Note the two criteria for oscillation: a gain greater than 1, and positive feedback. Since we are usually trying to provide negative feedback, we think of positive feedback as what happens when there is a 180° phase shift in the loop. This therefore gives us two metrics to decide how close to oscillation the system is. These are the phase shift at unity gain, and the gain at 180° phase shift. The first had better be below 180°, and the second had better be below 1. The extent they are less than 180° and less than 1 is how much room, or margin, there is. 180° minus the actual phase shift at unity gain is the phase margin, and 1 divided by the gain at 180° phase shift is the gain margin.

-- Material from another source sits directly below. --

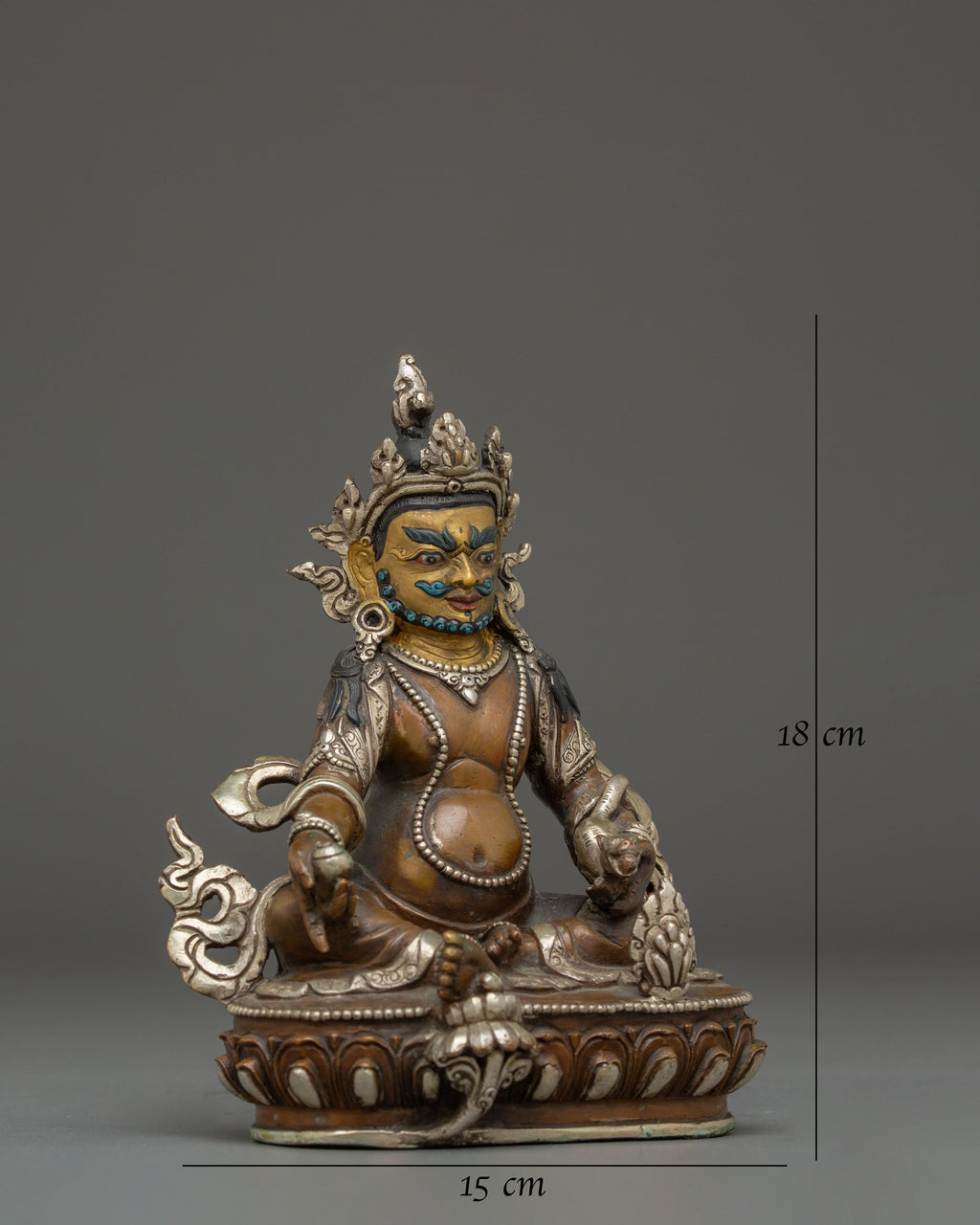 This Handmade Copper Statue of Dzambhala stands 7.1” (18 cm) in height with a 5.9” (15 cm) base and weighs 1.37 kg. Crafted from oxidized copper and adorned with silver plating, along with detailed acrylic paintings, this piece beautifully reflects the artistry of skilled Nepali craftsmanship.
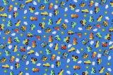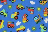 Demolition Trucks Blue 45" Cotton Print Fabric

Since the main problem is usually that the overall phase and gain change as a function of frequency, loop gain and phase shift are often plotted as a function of Log(frequency). The gain curve is then basically a Bode plot. You have to examine the two curves carefully to see that the system stays away from the combination of characteristics that will make it oscillate. When this is the main point, something called a stability diagram shows you more directly how close the system is to instability and at what operating point. That closest approach to instability is called the stability margin.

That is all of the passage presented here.